There are now both official and unofficial pages on Facebook for the passport, which are the same size and color as the real deal. The number of stories of people forming friendships through the experience grows every year.
“I knew it was going to be a hit. I was surprised by the magnitude of people who embraced it,” said Ignacio.
Ignacio and designer Kevin Still spent years developing the passport. A primary concern was creating something that gave customers and staff the best experience possible. Additionally, the program needed to be manageable during crowded times.
“We had many different visions,” Ignacio said. An early prototype had a separate page for each stamp, which was too cumbersome. Finally, it started clicking. “The goal was to get people out to explore all our places and to enjoy the experience along the way,” said Ignacio. With that in mind, there are several experience pages with stamps for activities like attending a History Pub presentation or playing a round of golf.
The official passport launch date was Oct. 31, 2013 for employees and Nov. 5, 2013 for the public. “We want our employees to learn about all our locations. All our customers want to know about the history of our places and we want our employees to have that information,” said Ignacio.
The initial 10 customers and 10 employees to complete the passports received special prizes. Catherine Buck, who is now the Edgefield sales and events coordinator, was the first employee to finish. “It took some solid planning to make sure I could hit every McMenamins while it was open as fast as possible,” she said.
She started her adventure on a Friday when she got off work and planned to complete it that weekend. But a bad snowstorm on Mount Hood kept her from traveling to Bend. Instead, she headed south on I-5 to hit McMenamins locations in Salem, Corvallis, Eugene and Roseburg. The next Monday, she took I-84 to Highway 97 and made it to Bend’s Old St. Francis School.

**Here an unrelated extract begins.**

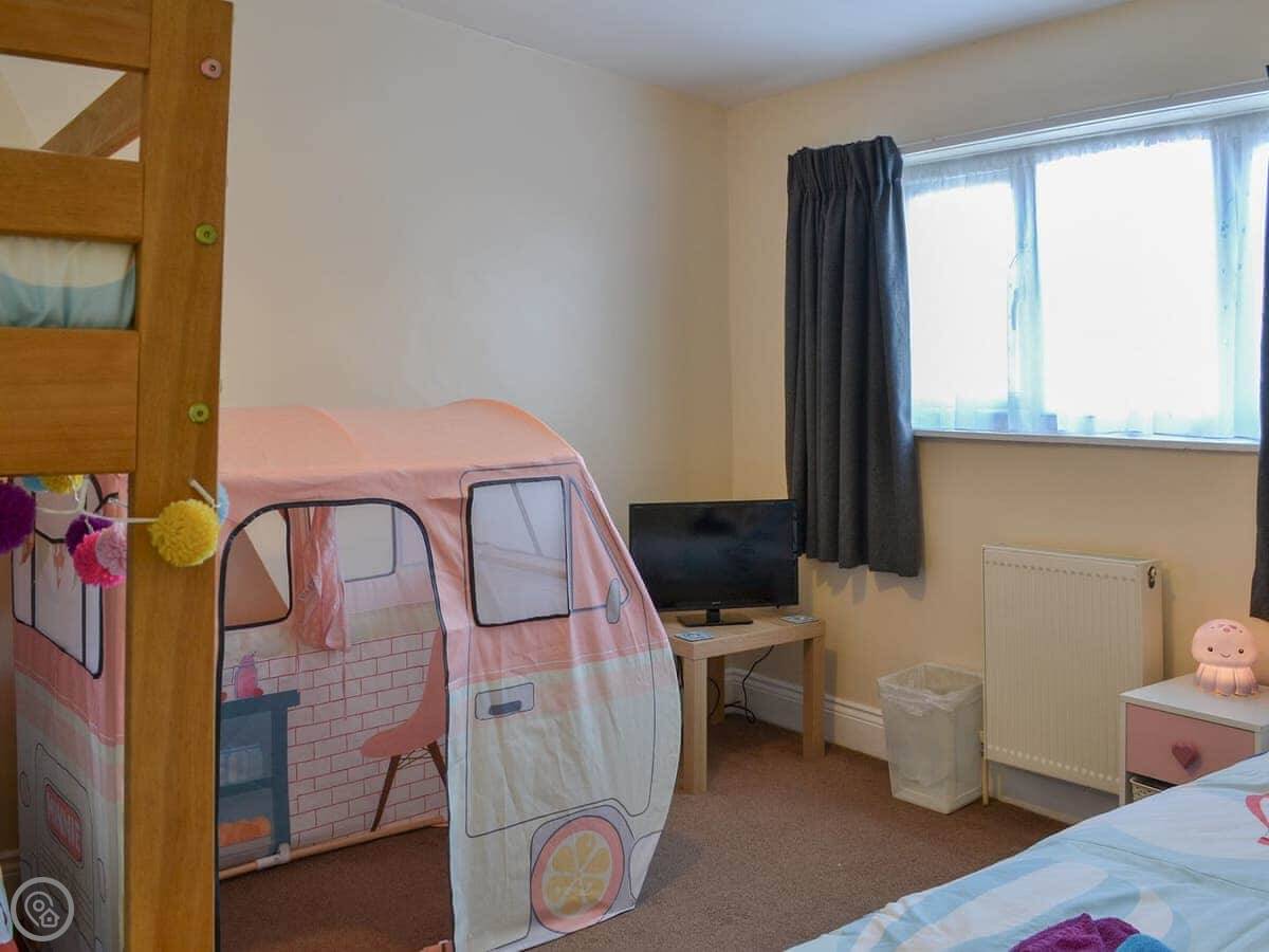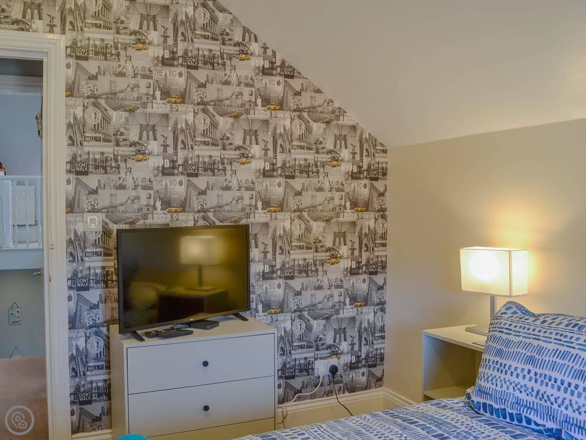 Facilities wise: bedding and towels are included. There's WiFi, a TV, a highchair. You can bring up to two dogs. There's a washing machine. It's got central heating.

“1,600 miles and four solid days later, I had every stamp but one,” she said. At that time, Bagdad Theater was closed for renovation until November. Determined to be the first in line when it opened, she decided to camp out Friday and Saturday before the official opening on Sunday. “I’m a very competitive person,” she said. The prize also proved to be a strong motivator: free admission to all concerts at the Crystal Ballroom and Lola’s Room for a year.
Scott Bassett, from Salem, was the first customer to finish and took his place in line at the Bagdad behind Buck. “It was cold and stormy on Hawthorne. I brought a heater and some propane and Catherine and her mom were kind enough to hold my place in line when I wasn’t there,” he said.

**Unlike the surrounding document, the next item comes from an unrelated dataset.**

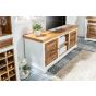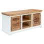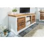 Deacon Solid Mango Wood Tv Cabinet Upto 57" with Door and Shelves - White and Natural Finish

Bassett, a loyal McMenamins fan, learned about the passport and competition for first finishers four days after he retired from a career in state government. “I decided to go for it with encouragement from my wife,” Bassett said.
He headed out in his Prius for a quick tour of the Northwest. Bassett’s longest day started at the White Eagle at 6 a.m. He hit all the Washington locations, then headed to the coast by crossing the congested Lewis and Clark Bridge connecting Longview, Wash. to Highway 30 in Oregon. It was a race against the clock to get to the Pot Bunker Bar on the Gearhart property before driving to the Lighthouse Brewpub in Lincoln City and home to Salem 16 hours later. His prize was a $600 party at the Thompson Brewery & Public House that ended up doubling as a fundraiser for a nonprofit.
Bassett said, “I’ve traveled the kingdom four times and I’ve been lucky enough to go to four of the five Cosmic Tripster parties.”
Buck is thinking of completing another passport with her boyfriend. “But my plan for the next one is to do it slowly and enjoy the experience,” she said.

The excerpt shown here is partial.